さまざまな国の親子連れなど21人が、2010年5月15-16日に南魚沼市栃窪地区で、地元の皆さんと手植えによる田植えをしました。
OLYMPUS DIGITAL CAMERA 2010年度の休日農業講座「田んぼのイロハ」第1回『田植えと講座「稲作概論」』が、5月15-16日に開催されました。

参加したのは、首都圏からの親子連れや社会人、学生、など。

初日は、地元の笛木健作さんを講師に、まず苗代見学。田植え準備が進む田んぼの間をゆっくり歩きながら、雪をいただく越後三山など2,000メートル級の山々を背景にした絶景を楽しみました。苗代では、苗を実際に見ながら田植えまでにどのような準備が必要かなどを学びました。

座学では苗代作り、田植えそして稲刈りという稲作の一連の流れ、さらに栃窪における米作りの歴史や今後の課題について講義を受けました。

OLYMPUS DIGITAL CAMERA 2日目、快晴の下で田植えに挑戦。
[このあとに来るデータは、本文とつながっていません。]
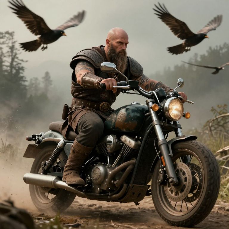 In this high-fantasy illustration, a bald Viking warrior, adorned with intricate tattoos and a long beard, confidently rides a rugged motorcycle through a misty, forested landscape. The motorcycle, with its exposed engine and weathered appearance, is bathed in a warm, cinematic lighting that enhances its photorealistic details. The warrior's armor, featuring elaborate designs and symbols, complements the motorcycle's robust, mechanical aesthetic. Birds, seemingly in flight, add a sense of motion and freedom to the scene. The overall composition, with its dynamic interplay of textures, colors, and spatial relationships, evokes a sense of adventure and mythic storytelling, reminiscent of the style by Greg Rutkowski.

裸足で田んぼに入って感触を楽しみながら、苗を手で植えていきました。

かなりの重労働でしたがみんなでがんばって、昼ごろには1.2反の田植えが完了しました。曲がらずに真っ直ぐに植えられたと地元の方もほめてくれました。その後田んぼで食べたお昼ご飯が格別に美味しかったです。
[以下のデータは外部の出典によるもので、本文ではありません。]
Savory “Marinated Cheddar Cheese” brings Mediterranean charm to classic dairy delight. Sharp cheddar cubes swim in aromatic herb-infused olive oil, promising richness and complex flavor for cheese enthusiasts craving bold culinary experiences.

この広さの田植えは、機械を使えばほんの2-30分で終わってしまうそうです。それをあえて手植えすることで、守れるものは何だろう、感じられるものはなんだろう…。講義と実践を通してそれぞれがそういう思いを持って帰路につきました。少しの身体の疲れといっしょに…。

(09年第6回報告)田起こしと豆腐づくりを体験

2009年11月7-8日に、南魚沼市栃窪地区で、クワを使った田起こしや豆腐づくりを体験しました。
休日農業講座「田んぼのイロハ」の今年度最後の回が、11月7-8日に開かれました。首都圏の親子連れや会社員、学生など15人が参加しました。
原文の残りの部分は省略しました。